One "error/copyright" road on google map has been updated. I filled in the form to report the error back in 2010. Though, since then they have changed the provider of their maps and the way they handle errors/copyright. OSM, Bing(or what ever it was called back then), streetmap and multimap all showed the area differently to google, with only OSM being correct to how it is in real life.

I noticed quite a few in the up to date at the time London AtoZ I had. Rather annoying when it said there was a way to get from A to Z but you couldn't.

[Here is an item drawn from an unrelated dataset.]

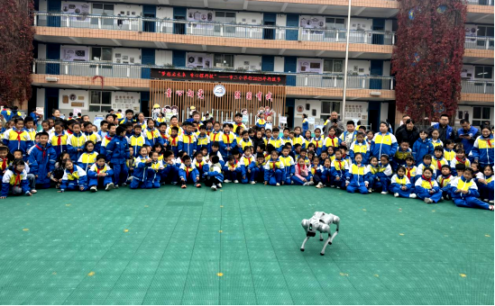 紧接着,会“跳舞”的机器狗闪亮登场——通体银白的机身泛着科技光泽,随着工作人员手中遥控器的指令,它先是欢快地摇了摇“脑袋”,随即灵活跃起,稳稳落地时还俏皮地转了个圈,引得前排孩子忍不住伸手互动。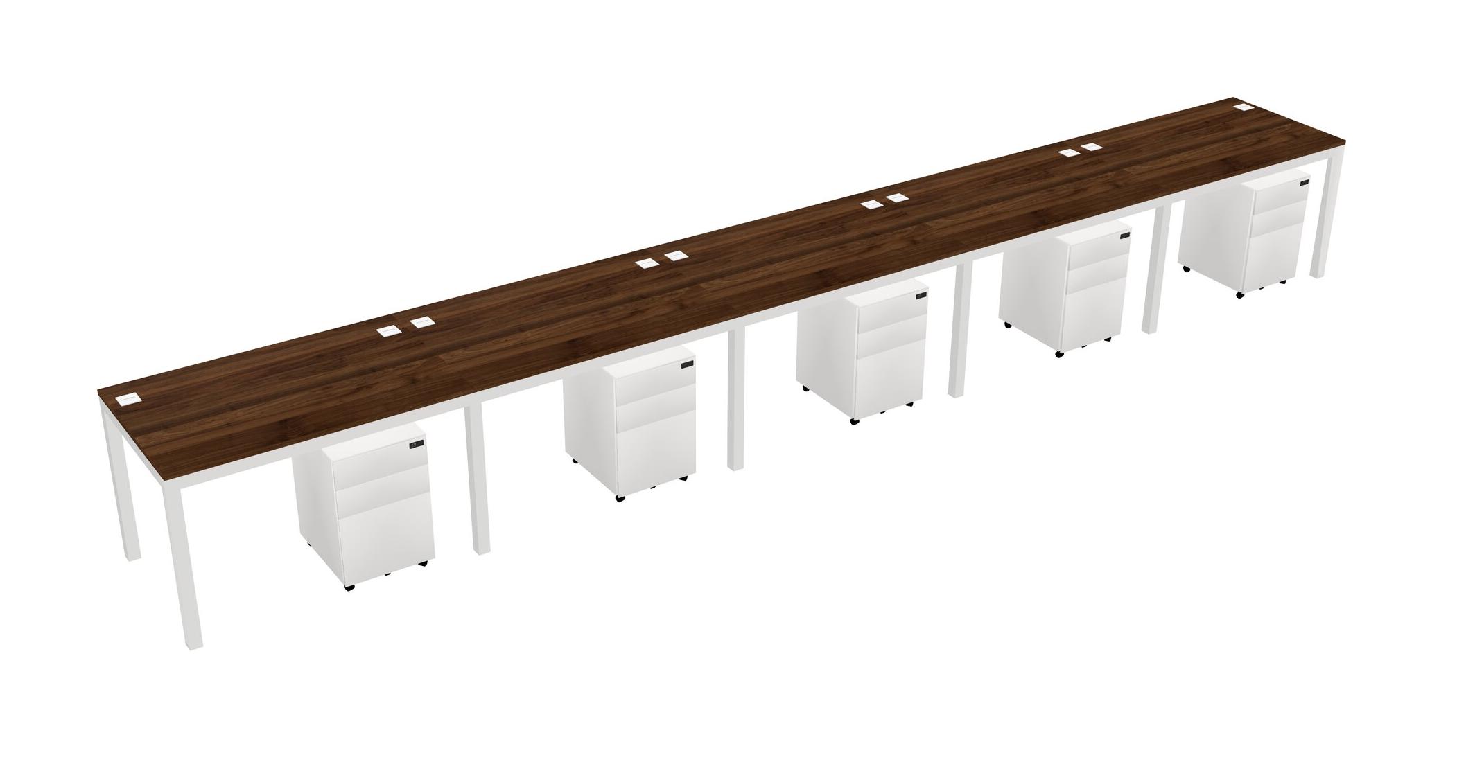 Columbia Walnut Rectangular Office Desk With Metal Mobile Drawers For 5 Persons

One way to check that the road is there, is to use streetview. If the G-car can go there so can you :) I used that on a road in Wales, the Ordnance Survey map we had said there was no road, but there was a nice panoramic view of the route. The OS wasn't at the time that old either.
Current mood: AARRRGGGGHHHHH !!! #bollockstobrexit

Kim

  • Timelord
    • Fediverse
Re: Imaginary roads
« Reply #3 on: 04 May, 2015, 12:31:34 pm »
This one's not so much imaginary as an ex-road, presumably a farm track that's been dead-ended by the A515 bridge and mostly absorbed by the hedgerow, yet the maps show it joining up (so GPS devices like to try to route cyclists down it):

http://binged.it/1IFg5SC

OSM and by impication Google seem to be the only ones that don't show it:

http://www.openstreetmap.org/#map=16/52.7190/-1.8438
https://www.google.co.uk/maps/@52.7189827,-1.844538,16z

Pingu

  • Put away those fiery biscuits!
  • Mrs Pingu's domestique
    • the Igloo
Re: Imaginary roads
« Reply #4 on: 04 May, 2015, 12:39:42 pm »
Wow: if you go down the mystery road with a GPS you can update OSM from the track recorded  :thumbsup:

Cudzoziemiec

  • Ride adventurously and stop for a brew.
Re: Imaginary roads
« Reply #5 on: 04 May, 2015, 05:29:25 pm »
Doesn't that thick green dashed line indicate a bridleway rather than a road? Anwyay, "rights of way are liable to change and may not be clearly defined on the ground".
Riding a concrete path through the nebulous and chaotic future.

robgul

  • Cycle:End-to-End webmaster
  • cyclist, Cytech accredited mechanic & woodworker
    • Cycle:End-to-End
Re: Imaginary roads
« Reply #6 on: 04 May, 2015, 09:17:47 pm »
There's a cracker near here on Google maps - a clearly marked road is actually a river for about 300 yards ... admittedly it was a ford about 60 years ago (I have 1950s OS and it's not marked as a road on that)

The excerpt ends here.